We should nor accept nothing short of clear, logical, and verifiable evidence explaining these delays. Vague assurances and hollow statements do not meet the standard of democratic accountability. Accountability is not optional, and it is not discretionary. Any public claim by Chief Elections Officer Anthea Joseph that the voter confirmation process is “running smoothly” is demonstrably false. It is a statement that directly contradicts observable reality and functions only to mislead the public and suppress legitimate concern.

The facts are undeniable: the process is moving at an unacceptably slow pace, with no transparent benchmarks, no credible timelines, and no meaningful public reporting. This is not smooth operation, it is administrative failure and cover up..

More troubling still is the complete absence of consequences. This government has provided no oversight, no corrective action, and no accountability for the Chief Elections Officer Anthea Joseph’s repeated failures.
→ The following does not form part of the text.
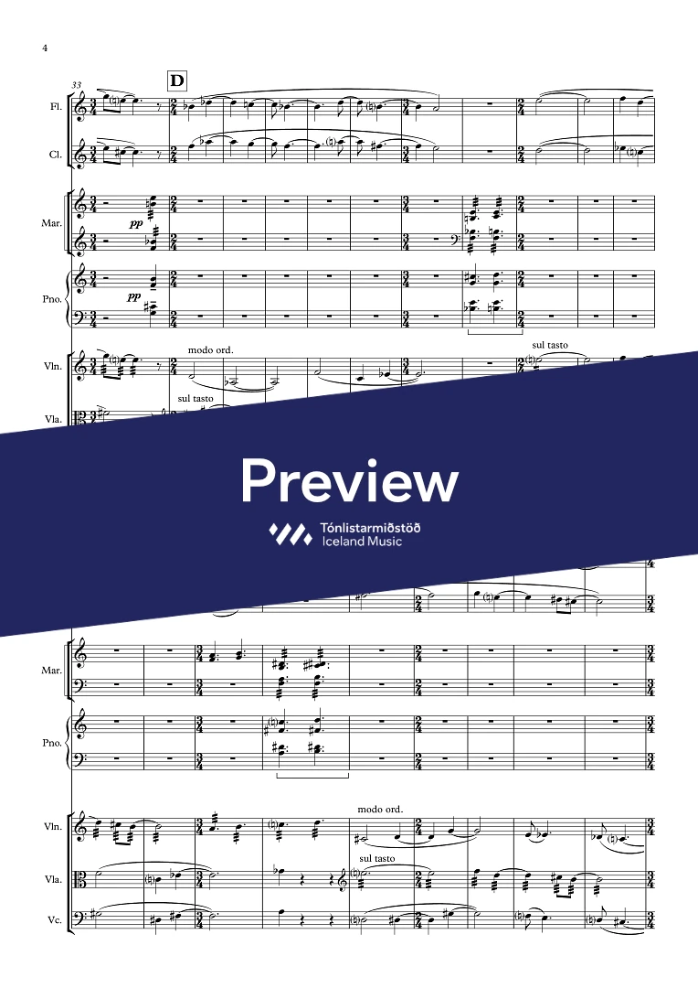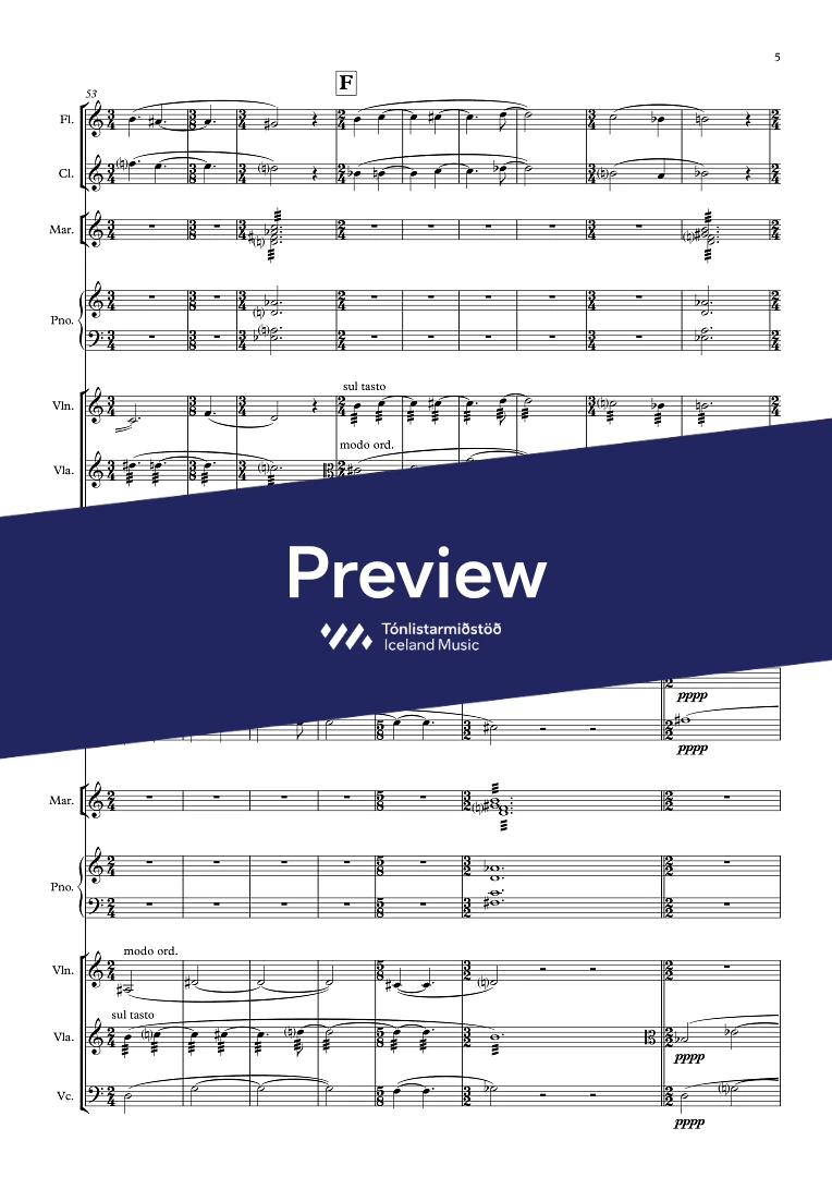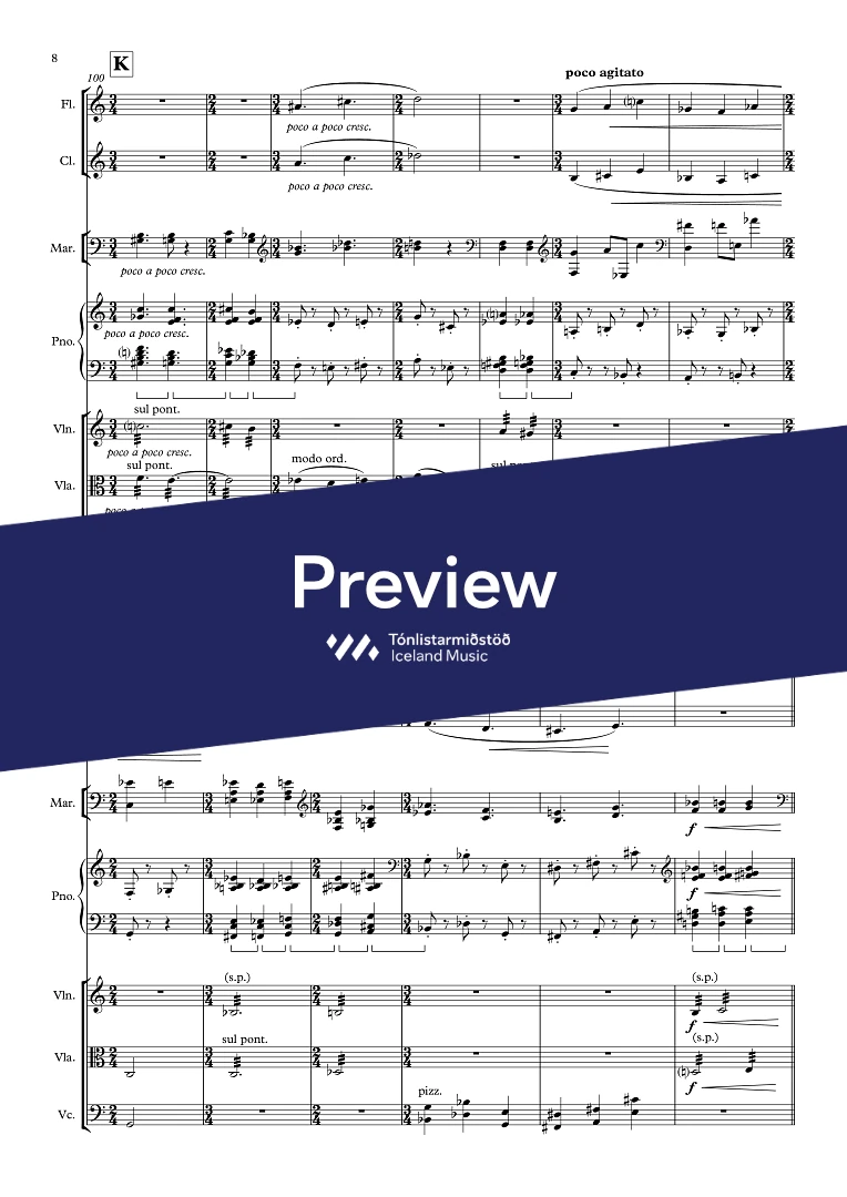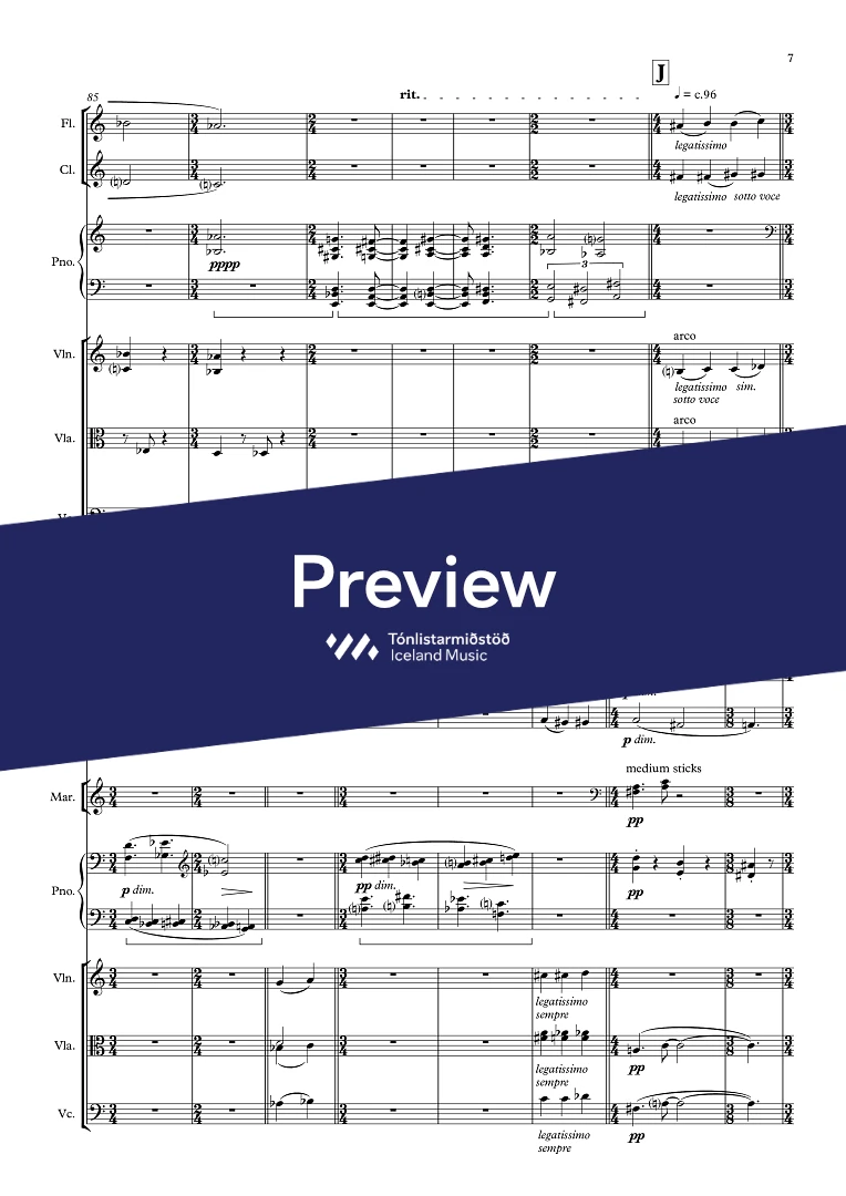 InstrumentationFlute, Clarinets, Percussion, Marimba, Piano, Violin, Viola, Cello

Silence from those in power is not neutrality; it is protection. When electoral mismanagement is excused, minimized, or ignored by the very authorities tasked with safeguarding democracy, the integrity of the entire system is called into question. The burden of explanation lies with Chief Elections Officer Anthea Joseph and with the government that continues to shield her from scrutiny.

It is obvious that Roosevelt Skerrit and his government benefited from this delay by calling an election immediately after Carnival, exploiting the slow confirmation process to their advantage. Claims of efficiency or smooth operations are therefore false and misleading, and the people deserve better transparency and accountability.

And what us even more disturbing is the continued coordinated silence surrounding this failure. Local media, whose duty is to inform the public and hold power to account, have largely refused to confront this issue with any seriousness or persistence. This is not a minor oversight – it is a dereliction of journalistic responsibility. When the integrity of an electoral process is in question, silence is not neutrality; it is complicity. Ask yourself why? And who really controls the media in Dominica?

The same cowardice is evident among political party leaders across the spectrum. Their reluctance to speak plainly or apply pressure is not strategic restraint, it is fear. Fear of retaliation, fear of exclusion, fear of upsetting a system they have learned to accommodate rather than challenge.

I am not playing that game. I am calling her name directly because accountability demands it. Chief Elections Officer Anthea Joseph and the failures of this process fall squarely at her feet. No amount of silence from the media, and no amount of avoidance by political leaders, will change that fact. If those entrusted with power refuse to ask the hard questions, then the public must. I will not whisper. I will not defer. And I will not pretend that this dysfunction is normal. Accountability begins by naming the person responsible Chief Elections Officer Anthea Joseph and demanding answers without fear.

When I become our country’s 2nd female Prime Minister, this wil end and and Chief Elections Officer Anthea Joseph will be removed from her position on my first day. National leadership must be chosen by those who live with the country every day. And any interference, whether by individuals or institutions like the Chief Elections Officer Anthea Joseph, will carry consequences. Democracy is not a souvenir flown in at election time. Dominicans deserve answers. And they deserve an electoral system that serves voters, not political advantage.

  • I am watching.
  • I am asking questions.
  • I no longer accepting delay as coincidence.